We can then normalize the vectors by dividing out their sizes as shown above:

\mathbf{e}_1 = {1 \over \sqrt {10}}\begin{pmatrix}3\\1\end{pmatrix}
\mathbf{e}_2 = {1 \over \sqrt{40 \over 25}} \begin{pmatrix}-2/5\\6/5\end{pmatrix}
 = {1\over\sqrt{10}} \begin{pmatrix}-1\\3\end{pmatrix}.

Numerical stability[edit]

When this process is implemented on a computer, the vectors \mathbf{u}_k are often not quite orthogonal, due to rounding errors. For the Gram–Schmidt process as described above (sometimes referred to as "classical Gram–Schmidt") this loss of orthogonality is particularly bad; therefore, it is said that the (classical) Gram–Schmidt process is numerically unstable.

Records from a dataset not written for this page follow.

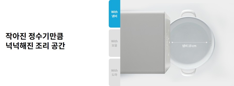 크기는 주방을 더 넉넉하게 사용할 수 있도록 크기는 작아졌으면서도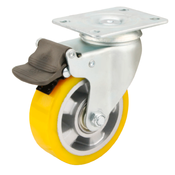 C322-UA-HD: Bộ bánh xe tải trọng nhẹ kiểu Mỹ (khóa nhựa) - Bánh xe PU Pullprene® lõi nhôm Herdar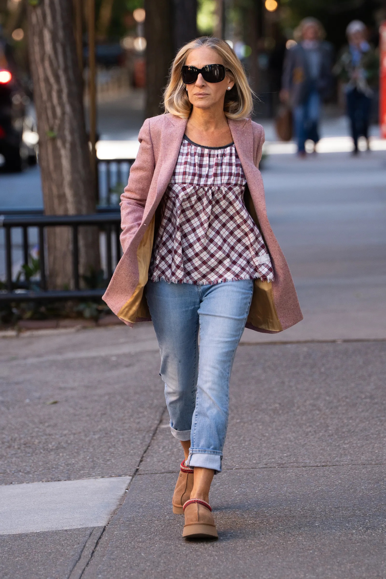 U prepoznatljivom stilu, Parker je spojila udobno i chic: kariranu tuniku babydoll kroja nosila je ispod ružičastog kaputa dužine do bedara, dok su svijetloplave traperice, zavrnute do listova, naglasile njezin izbor obuće.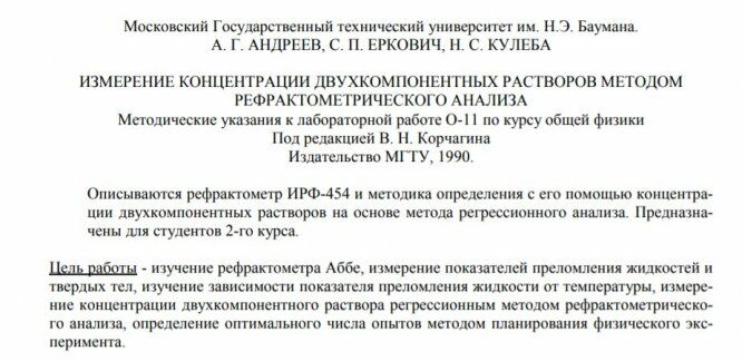 Для студентов МГТУ им. Н.Э.Баумана по предмету ФизикаИзмерение концентрации двухкомпонентных растворов методом рефрактометрического анализаИзмерение концентрации двухкомпонентных растворов методом рефрактометрического анализа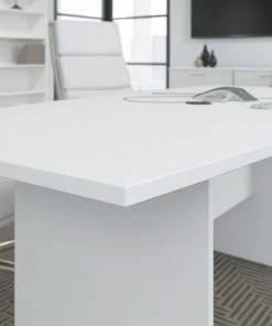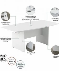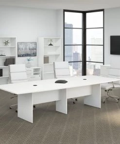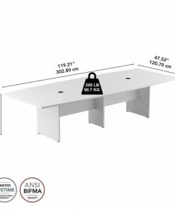 Bring your team together in a private or open plan office with the Bush Business Furniture 120W x 48D Boat Shaped Conference Table. Perfect for medium to large-sized groups, this meeting table provides ample room for 8-10 users to collaborate with laptops, paperwork and other materials. A durable thermally fused laminate work surface with continuous edge banding protects against scratches, stains, nicks and dings throughout years of daily meetings while a finished underside helps prevent snagged clothing. The tabletop also includes two wire management grommets to accommodate cords and cables from a projector or speaker phone. The large conference room table is supported by a sturdy wooden base for a weight capacity of 200 pounds, making it great for use in a training area or education space in addition to the boardroom. Your choice of Natural Maple, Harvest Cherry, Hansen Cherry, Mocha Cherry, Storm Gray, Platinum Gray and White finishes coordinate with a broad selection of commercial-grade chairs, storage and accessories to complete your meeting area. This long office table is tested to meet ANSI/BIFMA quality standards for safety and performance and is backed by a . Bush Business Furniture Conference Tables are available in a variety of styles and sizes to complement any professional environment.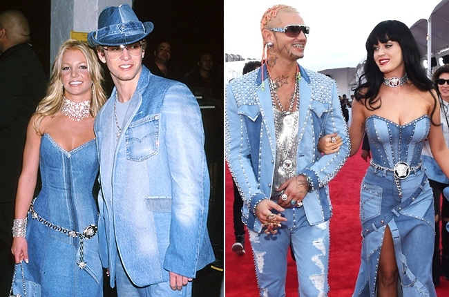 | 2001 & 2014 - Britney Spears & Justin Timberlake và Katy Perry & Riff Raff diện denim đôi: Phong cách denim được bộ đôi đình đám diện trên thảm đỏ của VMA 2001 khiến người hâm mộ phát sốt. 13 năm sau, tới lượt giọng ca của Firework và Riff Raff diện phong cách tương tự. |

The Gram–Schmidt process can be stabilized by a small modification; this version is sometimes referred to as modified Gram-Schmidt or MGS. This approach gives the same result as the original formula in exact arithmetic and introduces smaller errors in finite-precision arithmetic. Instead of computing the vector uk as

 \mathbf{u}_k = \mathbf{v}_k - \mathrm{proj}_{\mathbf{u}_1}\,(\mathbf{v}_k) - \mathrm{proj}_{\mathbf{u}_2}\,(\mathbf{v}_k) - \cdots - \mathrm{proj}_{\mathbf{u}_{k-1}}\,(\mathbf{v}_k),

it is computed as

 \begin{align}
\mathbf{u}_k^{(1)} &= \mathbf{v}_k - \mathrm{proj}_{\mathbf{u}_1}\,(\mathbf{v}_k), \\
\mathbf{u}_k^{(2)} &= \mathbf{u}_k^{(1)} - \mathrm{proj}_{\mathbf{u}_2} \, (\mathbf{u}_k^{(1)}), \\
& \,\,\, \vdots \\
\mathbf{u}_k^{(k-2)} &= \mathbf{u}_k^{(k-3)} - \mathrm{proj}_{\mathbf{u}_{k-2}} \, (\mathbf{u}_k^{(k-3)}), \\
\mathbf{u}_k^{(k-1)} &= \mathbf{u}_k^{(k-2)} - \mathrm{proj}_{\mathbf{u}_{k-1}} \, (\mathbf{u}_k^{(k-2)}).
\end{align}

Each step finds a vector  \mathbf{u}_k^{(i)} orthogonal to  \mathbf{u}_k^{(i-1)} . Thus  \mathbf{u}_k^{(i)} is also orthogonalized against any errors introduced in computation of  \mathbf{u}_k^{(i-1)} .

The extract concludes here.